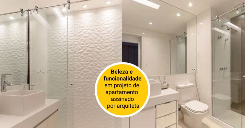 Os banheiros foram cômodos de destaque e, apesar de possuírem pouco espaço – 3,20m² cada um –, tiveram um projeto que atingiu o objetivo dos moradores . O uso de revestimento em 3D na parede da área de banho, em branco no banheiro de hóspede, e em marrom no banheiro de visitas, trouxe charme ao local.
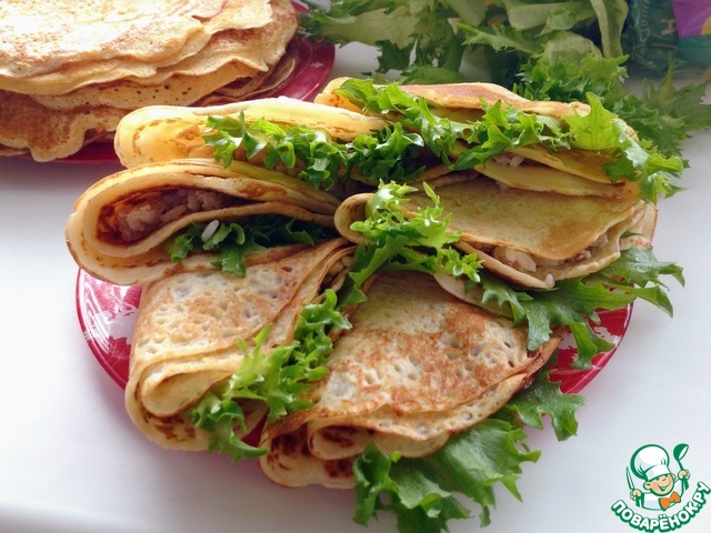 Рецепт «Закуска из блинов, фаршированных мясом»:
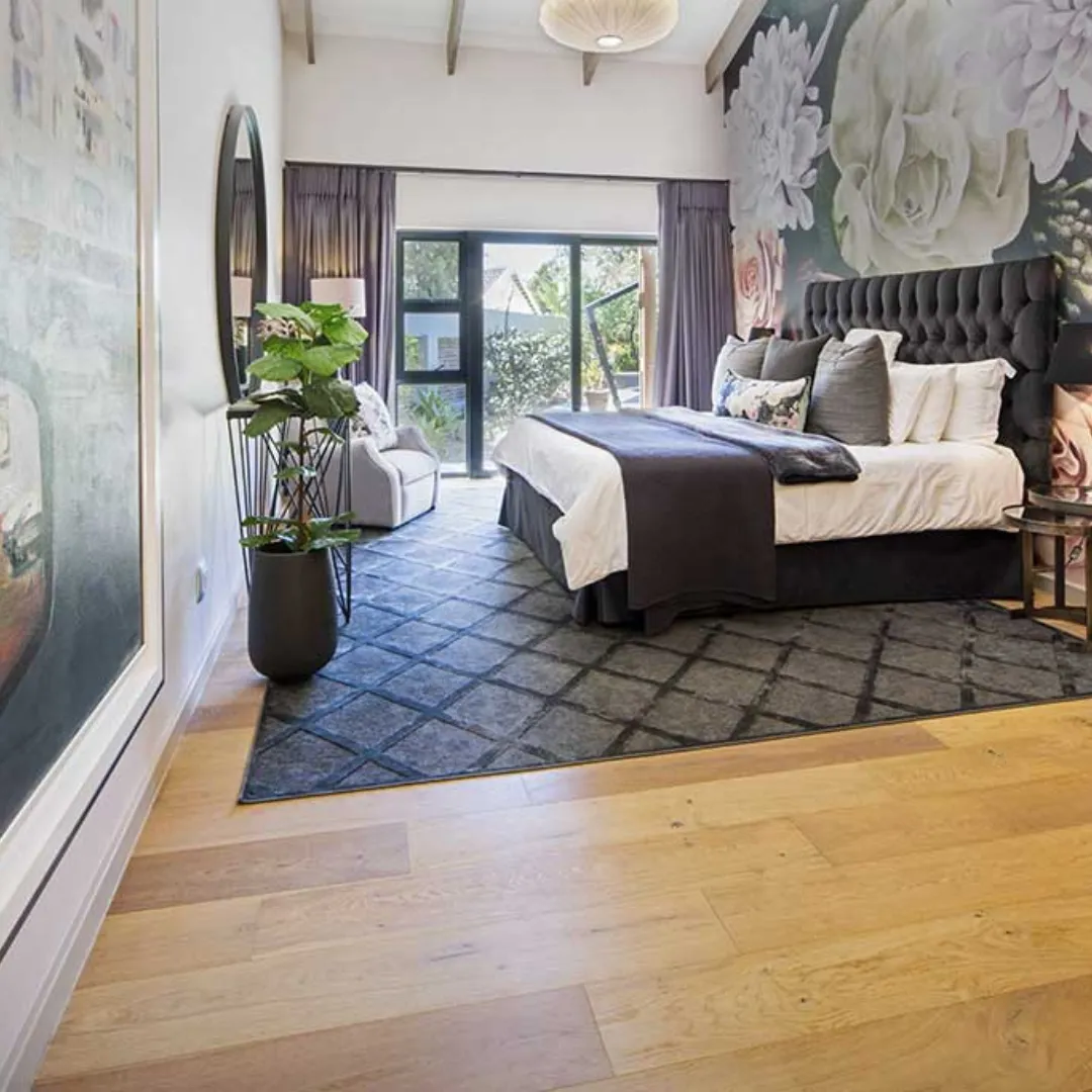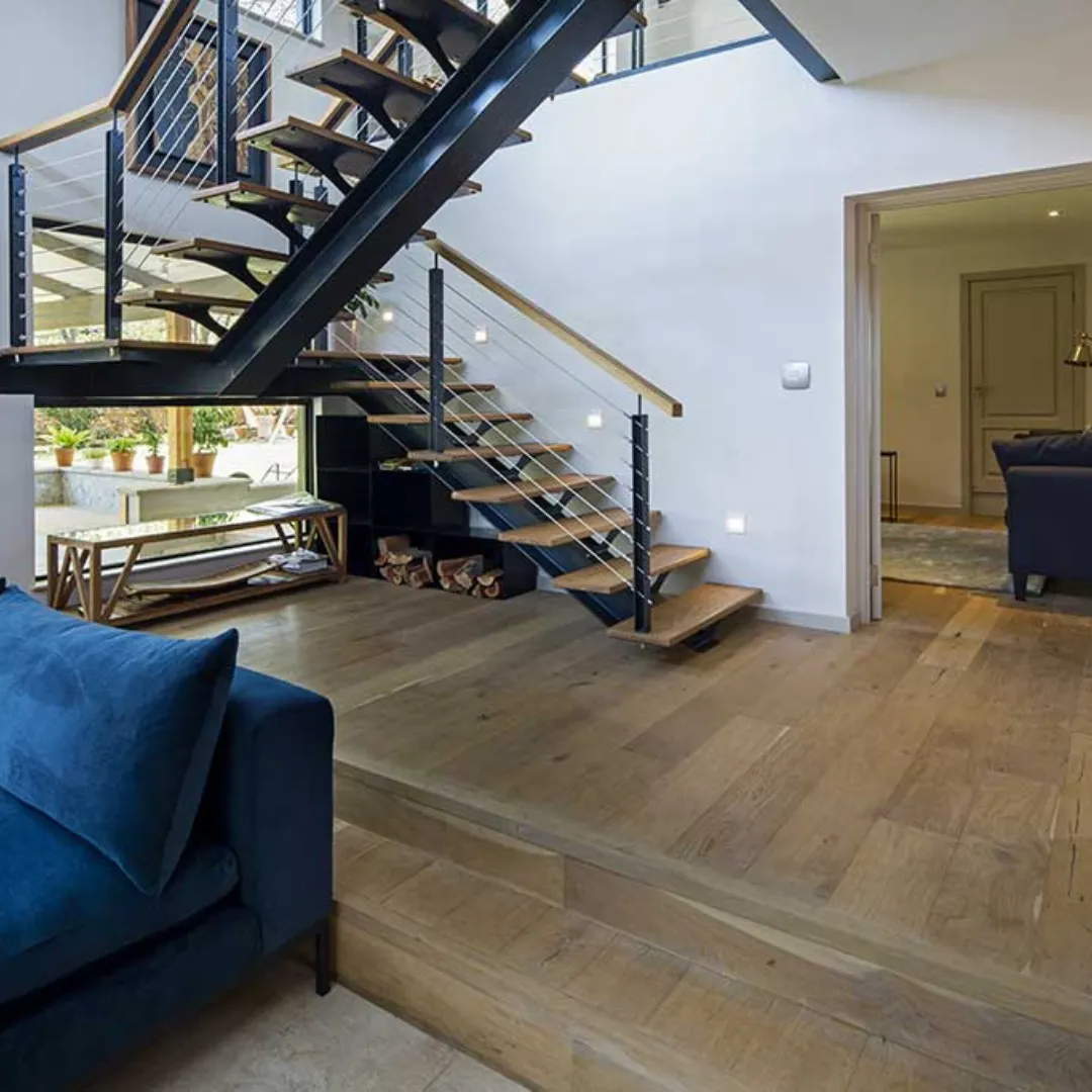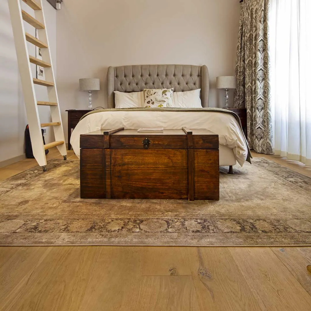 Rustic grade – Full of character with visible knots have been filled and sanded to complement the natural figuring and colour of the boards.
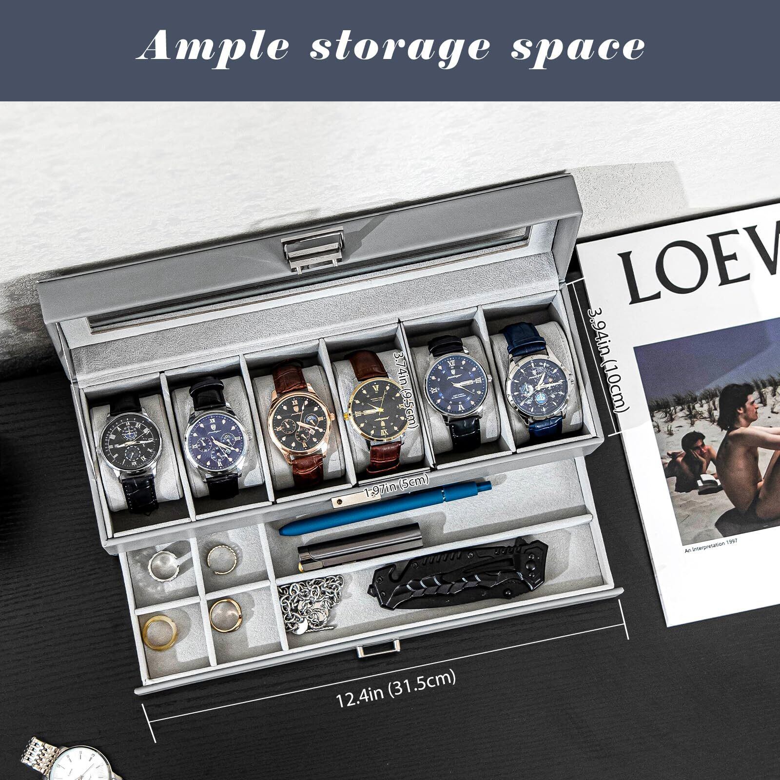 ProCase 腕時計ケース PU製 2段式 腕時計 メガネ 男性 アクセサリー 収納ボックス ガラス蓋 ディスプレイケース 小物整理 プレゼント-グレー
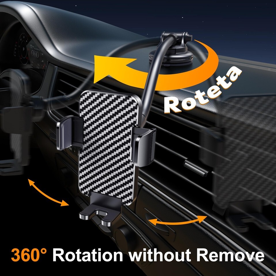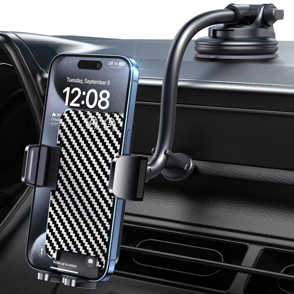 Wide view with Gooseneck Design: Car phone holder has a palm-length (16cm/6.2") aluminum gooseneck that can be freely bent and adjusted, and compared with the regular fixed-arm mount, the phone holder has a freer mounting angle by Gooseneck and a 360 joint ball which can be mounted on the dashboard or windshield at any angle without blocking the view. This phone car mount is ideal for GPS navigation and phone operation. All for optimal vision, convenience and safe driving.
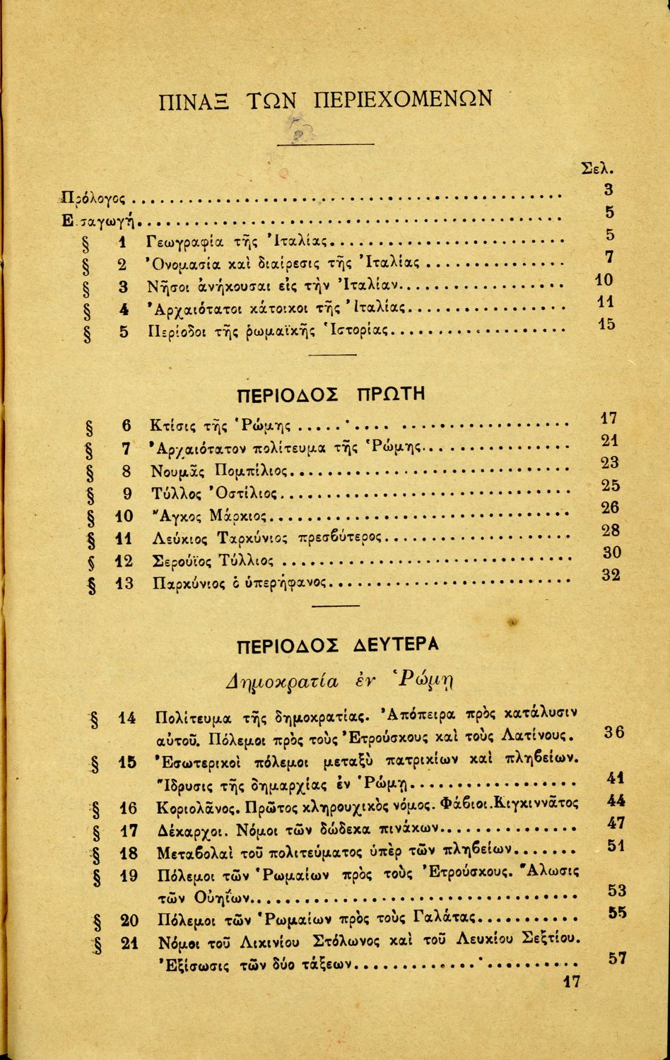 Βαθμίδα εκπαίδευσης: Δευτεροβάθμια Τάξη: Γυμνάσιο Μάθημα: Ιστορία Γλώσσα: Καθαρεύουσα Παρουσίαση περιεχομένου: Σχολικό εγχειρίδιο Ιστορίας Γυμνασίου που περιλαμβάνει την ιστορία της Ρώμης από την ίδρυση της μέχρι και το 400 μ. Χ και εστιάζει στις κτίσεις της Ρώμης, το πολίτευμά της και στα πνευματικά ρεύματα και είδη φιλοσοφικής σκέψης που αναπτύχθηκαν κατά αυτή την περίοδο. |
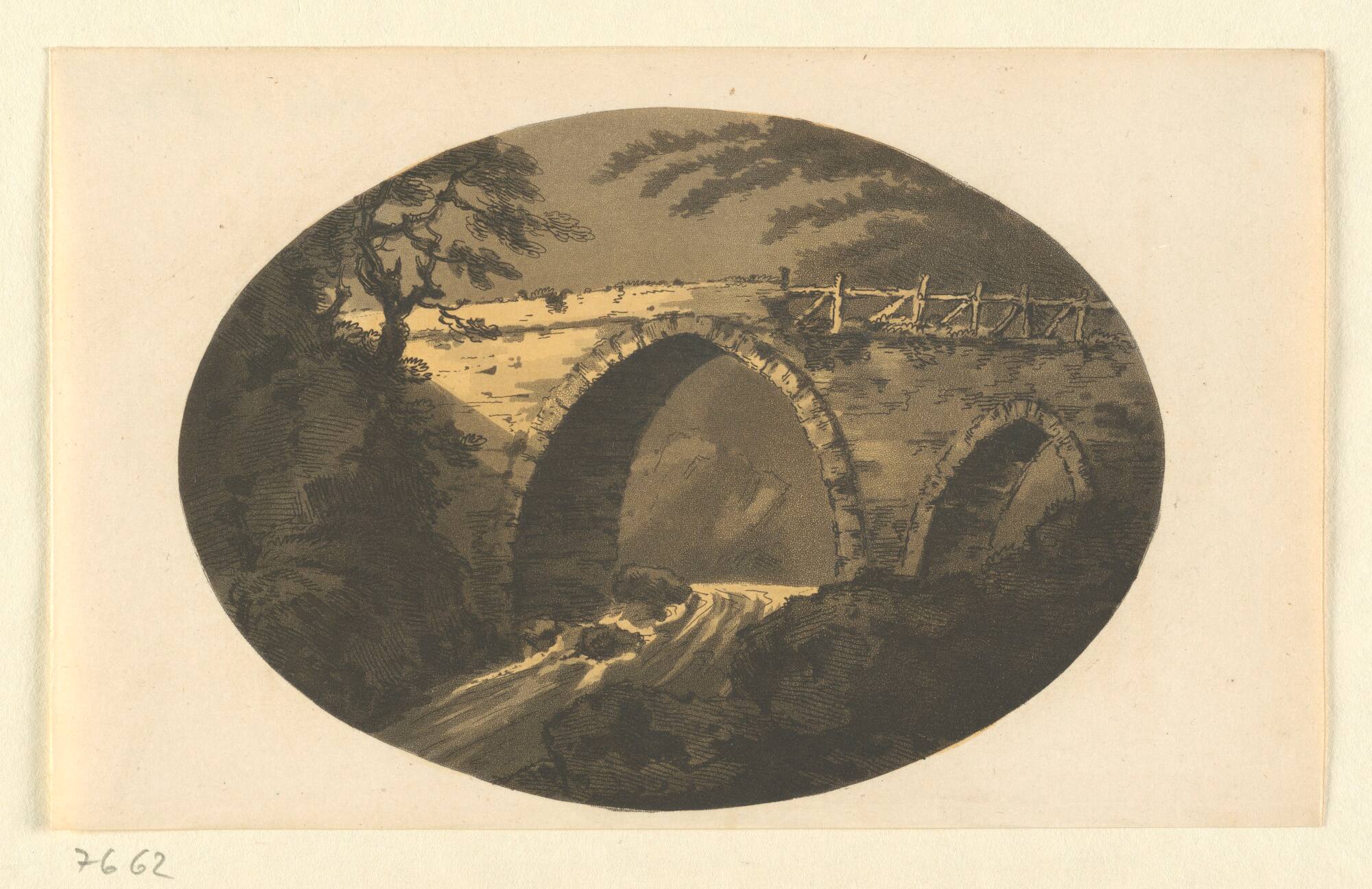 BeschreibungLandschaftsdarstellung in ovaler Bildform: Steinbrücke über Fluss, seitlich Bäume.MaßeH x B (Blattgrund): 132 × 215 mm
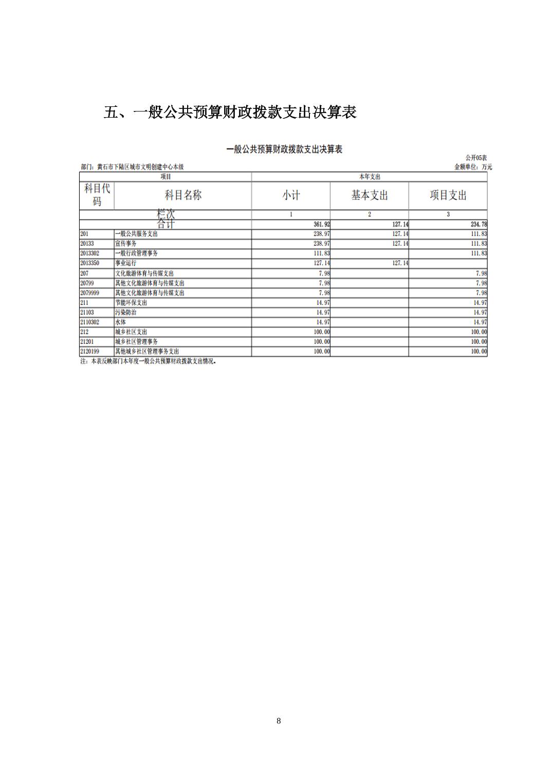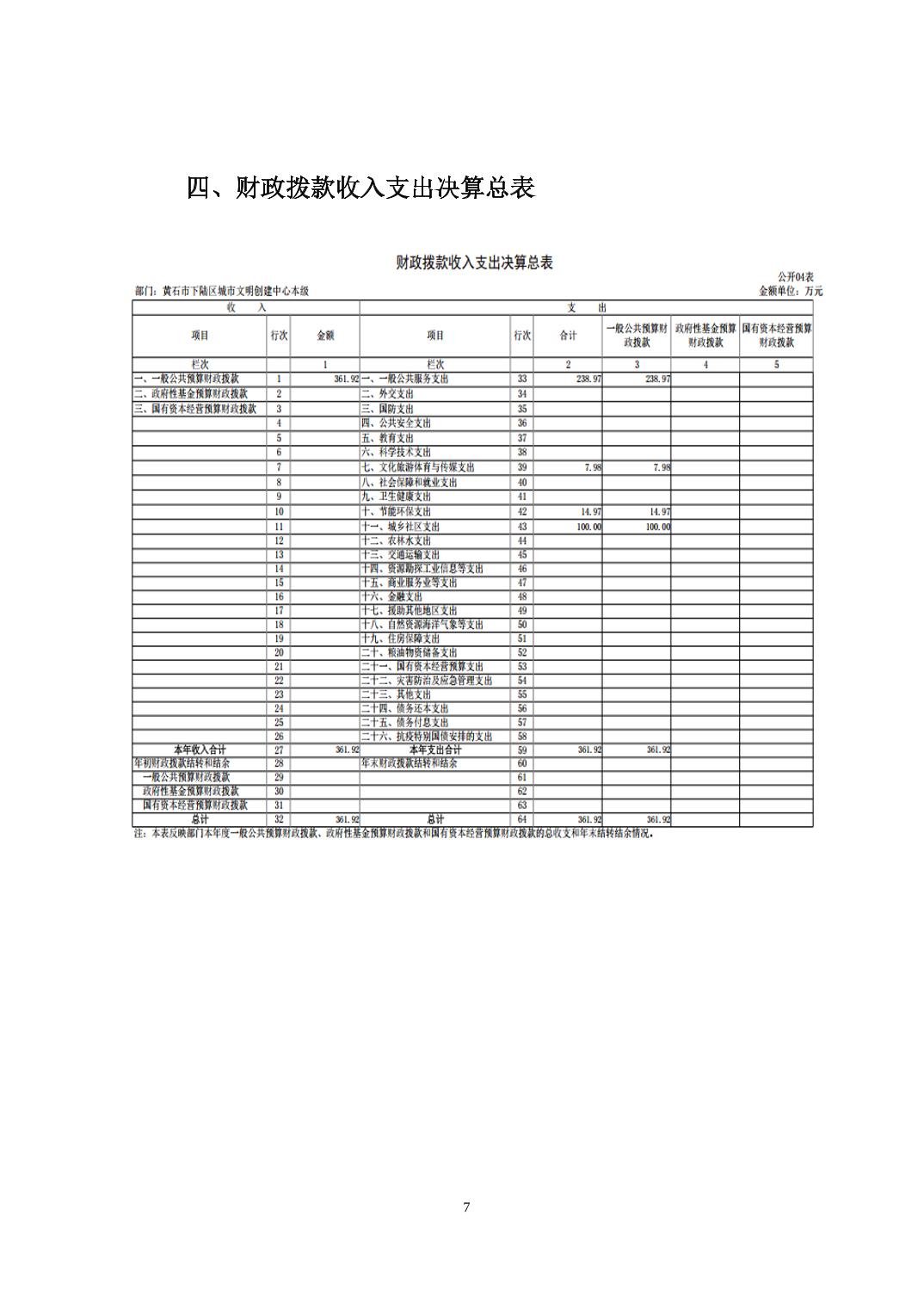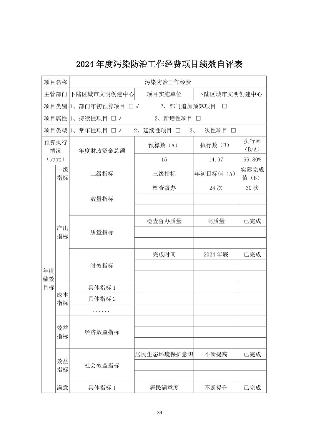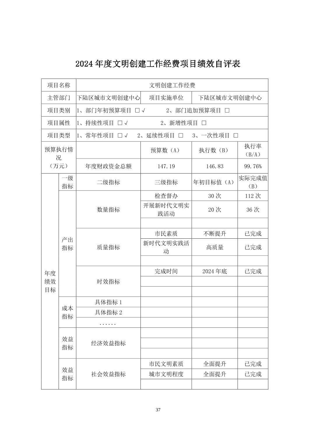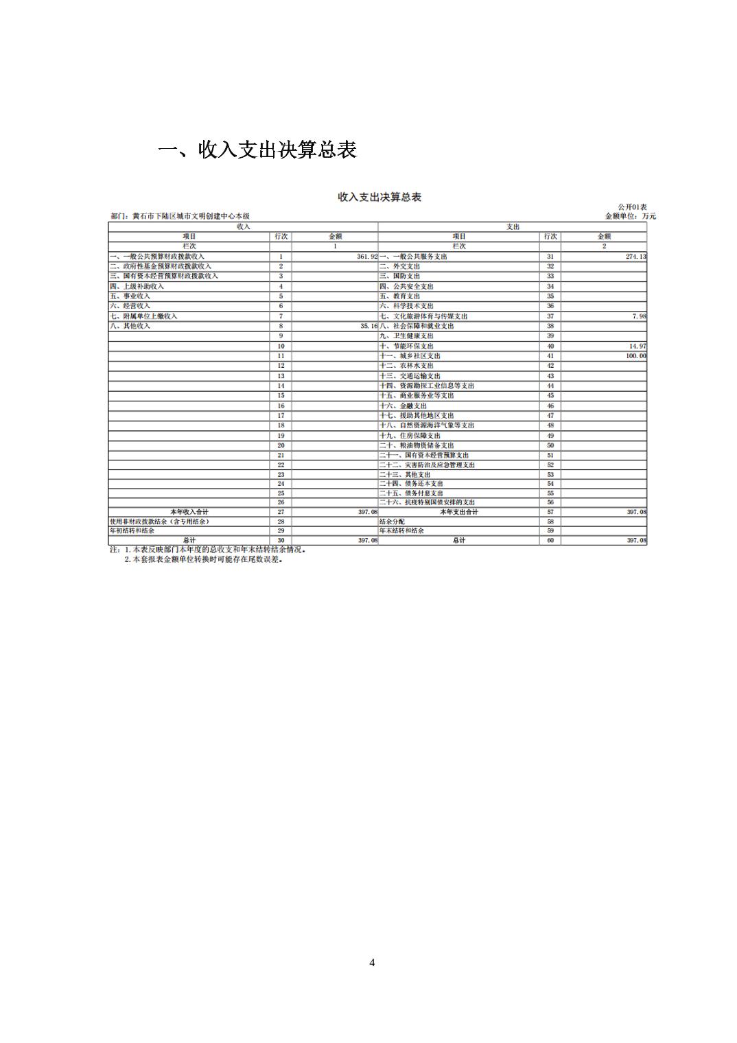 名 称: 下陆区城市文明创建中心2024年度部门决算

***

Exercise:
Nothing but the pictures may be dropped as you repeat the listing above exactly.

Task answer:
 Os banheiros foram cômodos de destaque e, apesar de possuírem pouco espaço – 3,20m² cada um –, tiveram um projeto que atingiu o objetivo dos moradores . O uso de revestimento em 3D na parede da área de banho, em branco no banheiro de hóspede, e em marrom no banheiro de visitas, trouxe charme ao local.
 Рецепт «Закуска из блинов, фаршированных мясом»:
 Rustic grade – Full of character with visible knots have been filled and sanded to complement the natural figuring and colour of the boards.
 ProCase 腕時計ケース PU製 2段式 腕時計 メガネ 男性 アクセサリー 収納ボックス ガラス蓋 ディスプレイケース 小物整理 プレゼント-グレー
 Wide view with Gooseneck Design: Car phone holder has a palm-length (16cm/6.2") aluminum gooseneck that can be freely bent and adjusted, and compared with the regular fixed-arm mount, the phone holder has a freer mounting angle by Gooseneck and a 360 joint ball which can be mounted on the dashboard or windshield at any angle without blocking the view. This phone car mount is ideal for GPS navigation and phone operation. All for optimal vision, convenience and safe driving.
 Βαθμίδα εκπαίδευσης: Δευτεροβάθμια Τάξη: Γυμνάσιο Μάθημα: Ιστορία Γλώσσα: Καθαρεύουσα Παρουσίαση περιεχομένου: Σχολικό εγχειρίδιο Ιστορίας Γυμνασίου που περιλαμβάνει την ιστορία της Ρώμης από την ίδρυση της μέχρι και το 400 μ. Χ και εστιάζει στις κτίσεις της Ρώμης, το πολίτευμά της και στα πνευματικά ρεύματα και είδη φιλοσοφικής σκέψης που αναπτύχθηκαν κατά αυτή την περίοδο. |
 BeschreibungLandschaftsdarstellung in ovaler Bildform: Steinbrücke über Fluss, seitlich Bäume.MaßeH x B (Blattgrund): 132 × 215 mm
 名 称: 下陆区城市文明创建中心2024年度部门决算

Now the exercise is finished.